Election fever: Tokyo shop staff wear masks of comic-book fan Taro Aso, a hot favourite to become prime minister in today's LDP leadership vote.

Election fever: Tokyo shop staff wear masks of comic-book fan Taro Aso, a hot favourite to become prime minister in today's LDP leadership vote. Photo: Reuters

FOR the five politicians of Japan's ruling Liberal Democratic Party contesting today's party leadership vote, there is one electoral demographic fading from reach.

Part-time workers in their 20s and early 30s are so disillusioned with the Government that they are turning to the Japanese Communist Party instead.

Members of the so-called freeter (freelance worker) and NEET (not currently engaged in employment, education or training) generation have stimulated a sudden and dramatic reinforcement of the ageing core of the minor party, which has gained more than 10,000 members in the past year.

JCP chairman Kazuo Shii, who helped the groundswell movement with a tough-talking parliamentary speech that became a YouTube hit, confidently expects another 20,000 recruits in the next year.

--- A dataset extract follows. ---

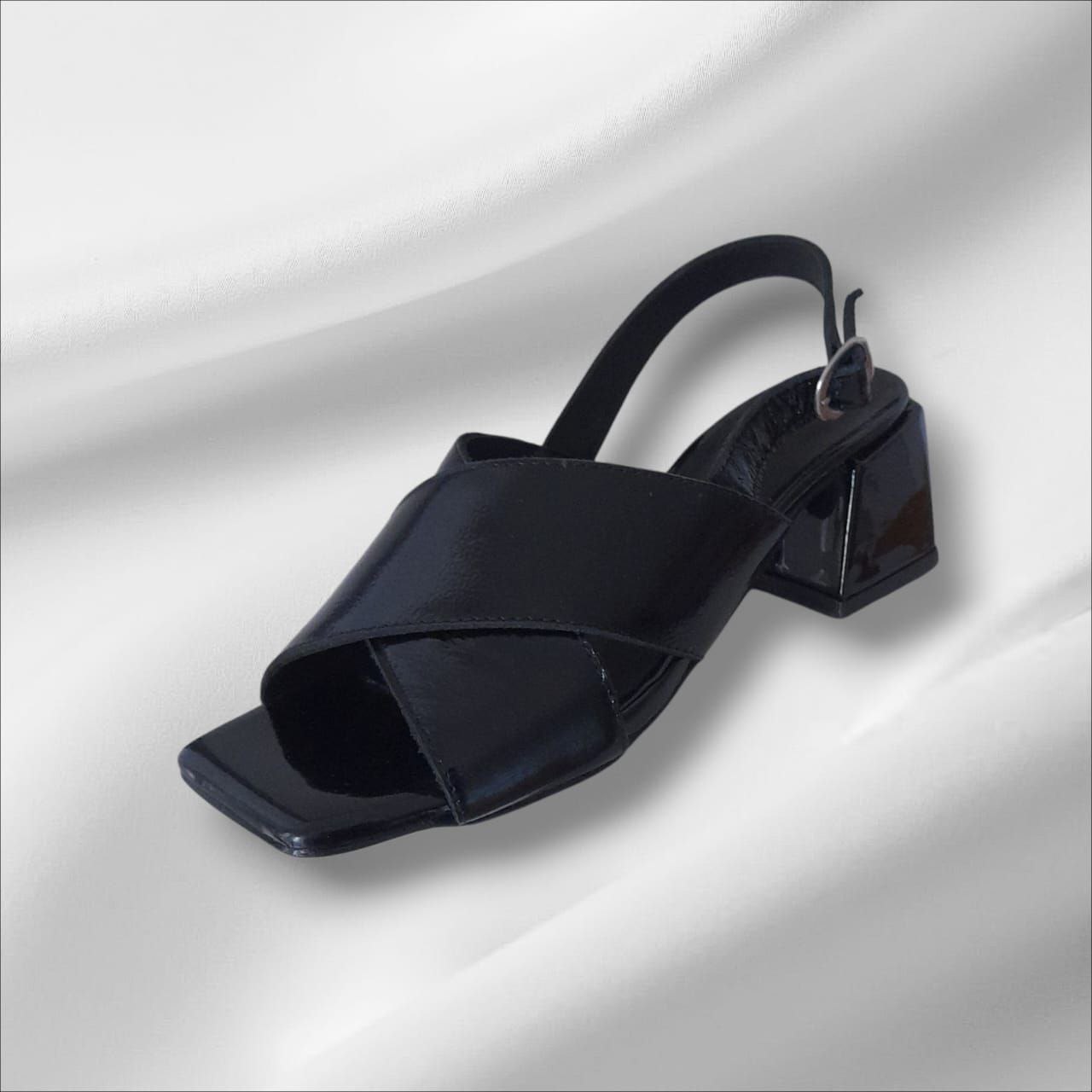 Sandalia en charol de taco medio, diseño cruzado en charol, pulsera en talón con hebilla.

That is a dramatic turnaround for the JCP, which has been a political pariah for almost two decades. In 1990 the party had 500,000 members but by 2000 that number had dropped by almost a quarter. Over the following five years, its share of the general vote dwindled from 11.3% to 7.3%.

So great is the revival of interest in the JCP now, however, that the main opposition party, the centre-left Minshuto, believes it can help topple the troubled LDP Government in a general election widely tipped for November.

"Many struggling young people are tired of the way Japan is heading," Mr Shii said. "This year they have become attracted to our party as they see their plight reflected in Kanikosen," a reference to a seminal Japanese novel about proletarian life that has recently returned to the bestseller list.

Kanikosen (The Crab Cannery Ship), written in 1929 by Marxist author Takiji Kobayashi, tells the story of a group of workers on a factory ship bound for Russian waters. "We're going to hell!" one of them famously says as they set out on their brutal mission, during which they are assaulted and exploited by their employers.

Kobayashi was tortured to death by Japan's special police four years after his classic was published. In 1953 the book was released in paperback and has subsequently sold about 5000 copies a year. But since January, when it was cited in major newspaper Mainichi Shimbun by right-wing punk-singer-cum-writer Karin Amemiya, it has sold 500,000 copies.

Publishing company Shinchosha says the book is especially popular with the legion of young workers who struggle to survive on low-paying and infrequent part-time shifts, while drifting between internet cafes and makeshift accommodation.

The proportion of Japan's workforce categorised as part-time has increased from 38% in 2001 to 44% at the start of this year.

The number of Japanese earning less than 2 million yen ($A22,000) a year, meanwhile, has climbed to 10 million.

But some veteran JCP members are sceptical about the faddish interest in their party. As one 60-year-old told the media: "I wonder if those who became members because they identify with a book will actually take an interest in party activities and vote in elections."